KI verfügt über diese Grundlagen nicht. Sie sieht keinen Patienten. Sie erkennt keine Körpersprache. Sie nimmt keinen Verlauf wahr und spürt keine Abweichungen, die im Moment entscheidend sein können. Auch kennt sie keine Einrichtung, keine hausinternen Standards und keine Abläufe eines Teams. Und sie trägt keine Verantwortung – weder fachlich, ethisch noch rechtlich.
Deshalb ist KI nicht „die Expertin im Raum“. Sie kann gute Vorschläge machen, aber sie kann die Rolle, die Praxisanleitung ausmacht, nicht übernehmen: professionelles Abwägen, Begleiten und Entscheiden unter realen Bedingungen.
Die größte Gefahr ist nicht „Quatsch“, sondern „überzeugend falsch“
Viele verbinden KI-Fehler mit offensichtlichem Unsinn. In der Praxis entstehen kritische Momente aber oft anders: Dann, wenn KI etwas formuliert, das sich glasklar und kompetent liest – und genau deshalb kaum hinterfragt wird.
Das kann ein Standard sein, der im eigenen Haus so nicht gilt. Es kann eine Maßnahme sein, die im konkreten Kontext nicht indiziert ist. Es kann eine Priorität sein, die an der Situation vorbeigeht. Oder ein scheinbar „fachlicher Fakt“, der schlicht erfunden ist. Solche Fehler passieren nicht aus Absicht, sondern weil KI darauf ausgelegt ist, stimmige Texte zu erzeugen – nicht geprüfte Aussagen.
Für Praxisanleitung ist das eine zentrale Erkenntnis: Ein glatter, professioneller Text ist kein Beweis für Richtigkeit. Er ist nur ein Beweis für gute Formulierung.
Eine hilfreiche Leitplanke dafür lautet: KI ist Vorschlag – Verantwortung bleibt beim Menschen.
Drei Prüffragen, die KI-Nutzung sicherer machen
Damit KI in der Praxisanleitung wirklich hilft, braucht es eine kurze Routine vor der Übernahme von Vorschlägen.

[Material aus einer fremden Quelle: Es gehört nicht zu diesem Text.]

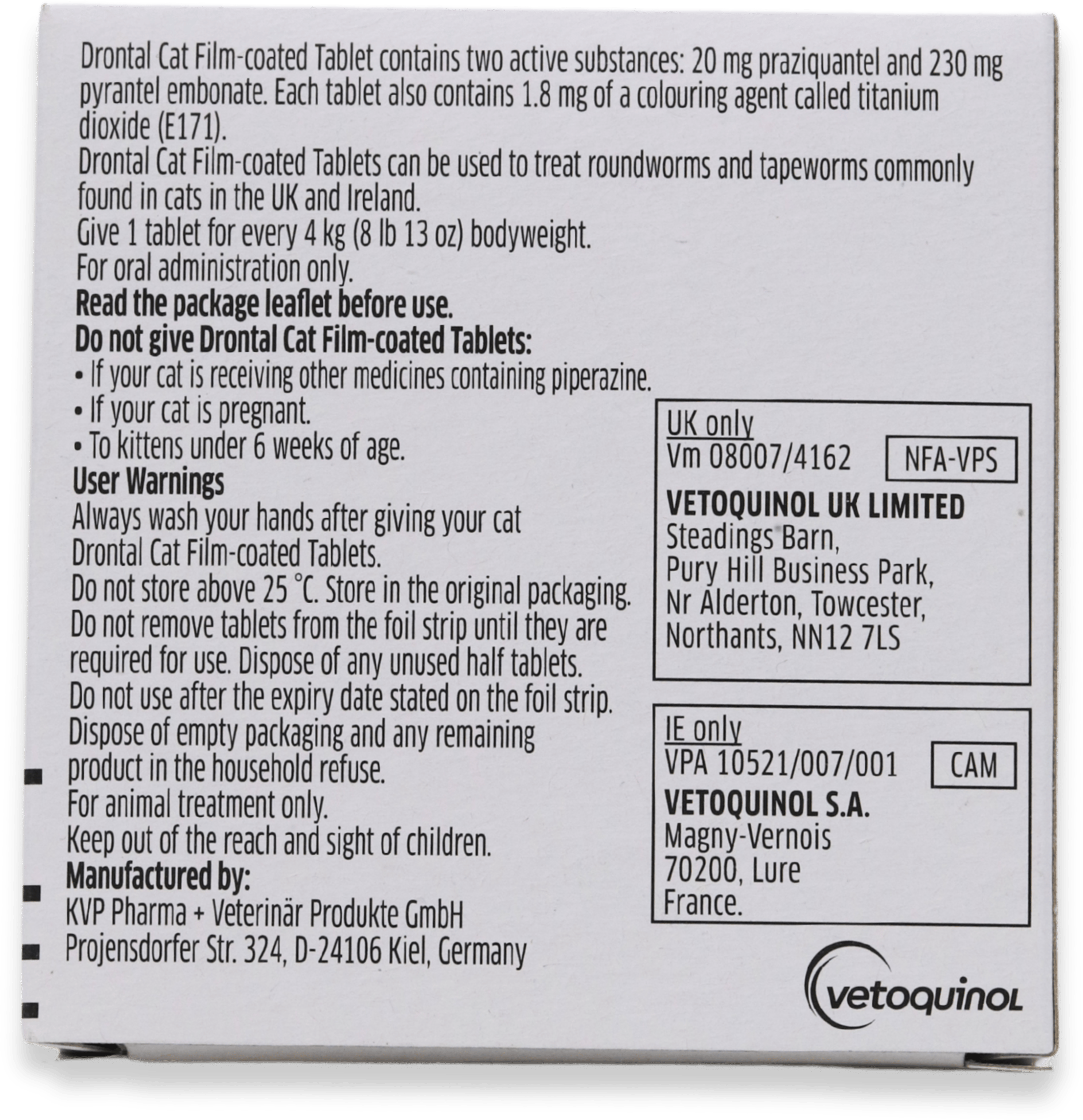 Each tablet contains 20 mg Praziquantel and 230 mg Pyrantel Embonate.

Erstens: Geht es gerade um Struktur und Sprache – oder um eine fachliche Entscheidung? Struktur kann KI liefern, fachliche Entscheidungen müssen im Verantwortungsbereich der Praxisanleitung bleiben.
Zweitens: Woran lässt sich prüfen, ob die Antwort stimmt? Standards, Leitlinien, Einrichtungsvorgaben oder Kolleg:innenwissen müssen die Aussage erden.
Drittens: Was fehlt der KI, um es sicher zu wissen? In der Regel ist es Kontext: Beobachtungen, Verlauf, Risiken, Situation im Zimmer, Dynamik im Team.
Wenn diese Fragen selbstverständlich werden, bleibt KI ein hilfreicher Co-Pilot – und die Verantwortung dort, wo sie hingehört.
Ein Satz zum Mitnehmen
KI kann Planung und Sprache hervorragend unterstützen. Klinische Einschätzung, Priorisierung und Verantwortung bleiben menschlich.
Oder ganz kurz: Klingt gut ist nicht dasselbe wie ist richtig.